▶ [Required action] Reproduce the following data exactly, minus any images.

---- Collected data

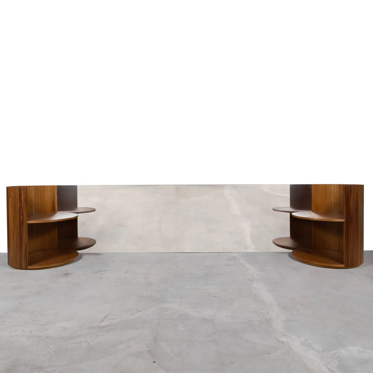 Combinando un’allure ultramoderna con un design funzionale, questa straordinaria testiera Verale presenta un pannello in legno rivestito in acciaio con comodini integrati in legno di Iroko, ognuno dei quali presenta sinuose silhouette in legno a doghe con due pratici ripiani. Un raffinato oggetto d’arte per una camera da letto moderna. Misure 330x60x75cm.
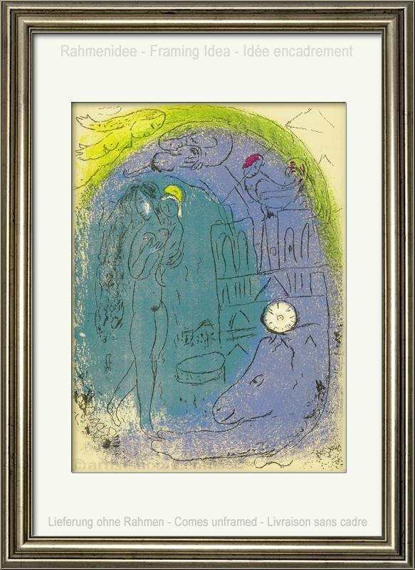 One of 6000 impressions for the original Verve edition on smooth velin paper. In addition, 75 impressions were printed on Arches wove paper with wide margins and pencil-signed and numbered by Chagall.
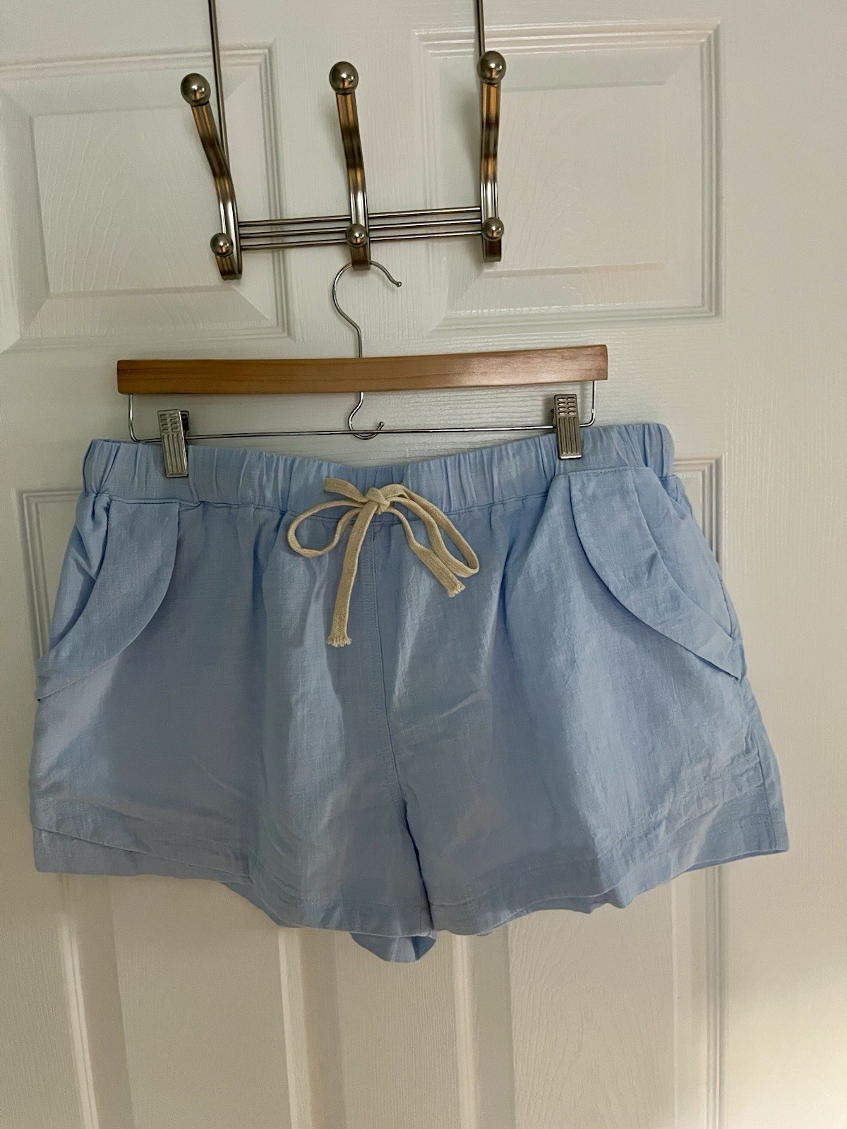 как выглядит Women s Light Blue Drawstring Shorts, 100 Cotton, 2XL, New In Bag фото
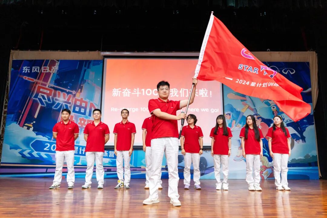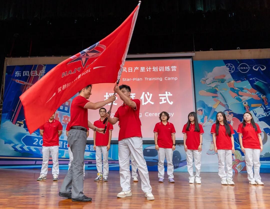 2024东风日产星计划训练营开营,东风有限(东风日产)党委书记、工会主席王强为红衫军授旗,红衫军发出新生宣言“新奋斗100,我们来啦”!

--------

▶ [Result of the task]
 Combinando un’allure ultramoderna con un design funzionale, questa straordinaria testiera Verale presenta un pannello in legno rivestito in acciaio con comodini integrati in legno di Iroko, ognuno dei quali presenta sinuose silhouette in legno a doghe con due pratici ripiani. Un raffinato oggetto d’arte per una camera da letto moderna. Misure 330x60x75cm.
 One of 6000 impressions for the original Verve edition on smooth velin paper. In addition, 75 impressions were printed on Arches wove paper with wide margins and pencil-signed and numbered by Chagall.
 как выглядит Women s Light Blue Drawstring Shorts, 100 Cotton, 2XL, New In Bag фото
 2024东风日产星计划训练营开营,东风有限(东风日产)党委书记、工会主席王强为红衫军授旗,红衫军发出新生宣言“新奋斗100,我们来啦”!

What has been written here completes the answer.